Heart failure affects about 6.2 million people a year in the U.S. and costs the nation more than $30 billion per year, according to the Centers for Disease Control and Prevention. Pennsylvania-based Geisinger, long known for its expertise in value-based care in treating patients with heart failure, is collaborating with a tech startup to develop and implement a fluid-guided care pathway for treating these patients.

With the buildup of fluid being a key indicator of worsening HF, the program’s goal is to operationalize a fluid-guided care pathway that provides an earlier warning of changes in status to improve care delivery and clinical outcomes using the Bodyport Cardiac Scale. An earlier study conducted in 100 Geisinger patients with HF showed the Bodyport Fluid Alert was able to detect HF events earlier, more accurately, and with fewer false alerts than weight-based monitoring alone, the current standard of care for HF patients. Geisinger’s goal with the program is to see if the Bodyport device can improve case managers’ efficiency in monitoring HF patients and prevent avoidable hospitalizations.

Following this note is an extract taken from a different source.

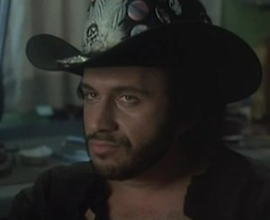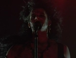 What we have in this movie is a guy who has a cool look. Sammi Curr is one of those hair rock guys from the 80s with lots of hair, leather, black fingernails, tattoos… Add the burns to his face, and you have an interesting look. The music is pretty good too. It’s by Fastway and I kind of dig it despite not being big on hair metal from the 80s.
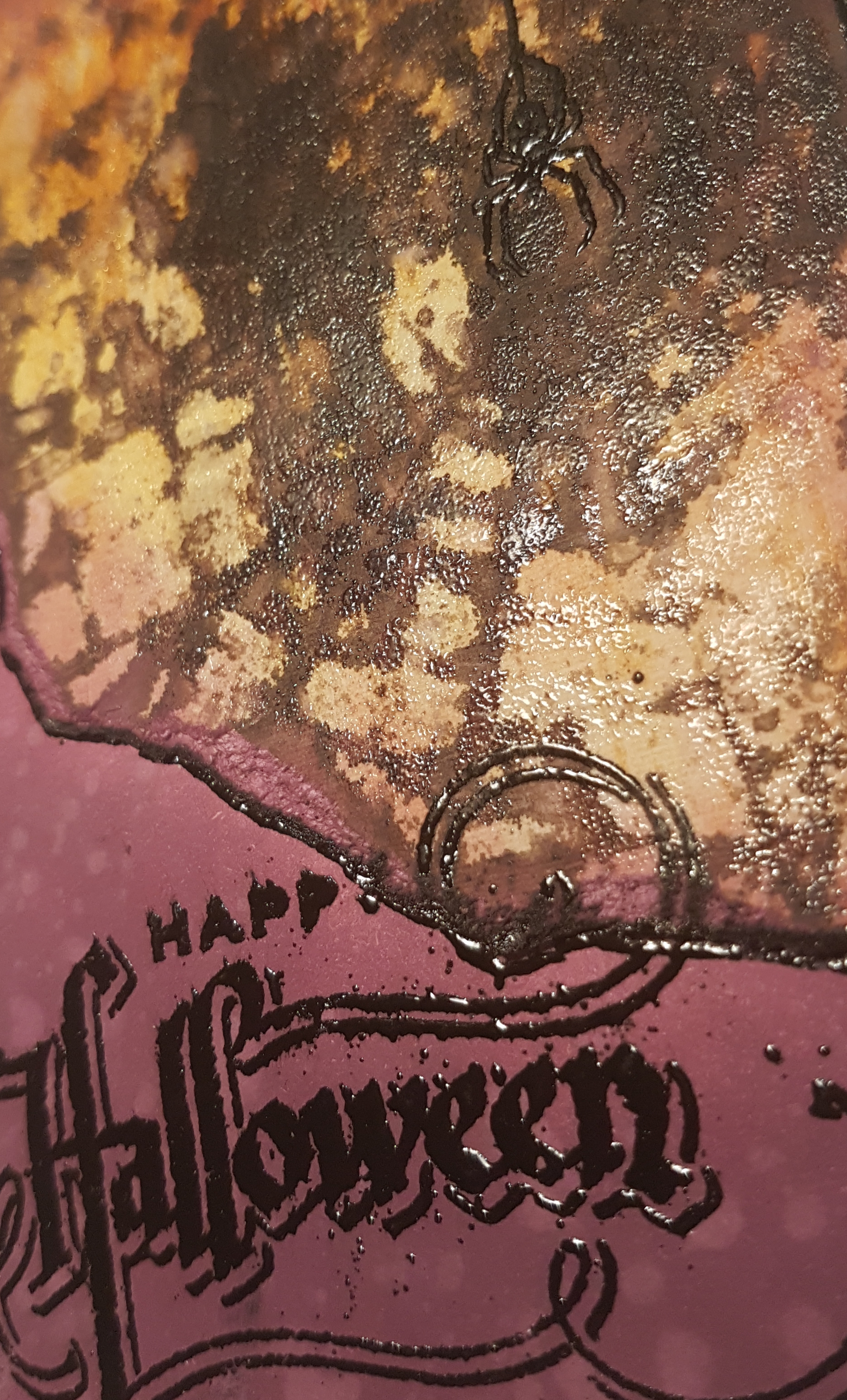 Then I started heat embossing… first the sentiment and spider in Black powder. Then I added the outline to the torn piece using the embossing pen and black powder. Then I added the stenxil back over the top and pressed versamark through and clear embossed… this provided some fab texture. I think you can see it best on this closeup.

Similar in form to a conventional weight scale, the Bodyport Cardiac Scale is a physical platform with embedded sensors that noninvasively measure metrics of heart function and fluid status in the same step patients take to weigh themselves each day. The Bodyport Fluid Alert incorporates changes in weight, fluid levels and pulse rate measured through the Cardiac Scale to remotely notify care teams of changes in a patient's health status.

Geisinger’s case managers can log onto Bodyport’s data platform 24/7 to access a patient’s data. The platform also sends an alert whenever a patient’s fluid accumulation reaches a level that indicates worsening heart failure. Patients who are enrolled in the pilot will be sent the Bodyport scale, which is powered by four AA batteries. The device is cellular connected so patients do not need a smartphone or home Wi-Fi.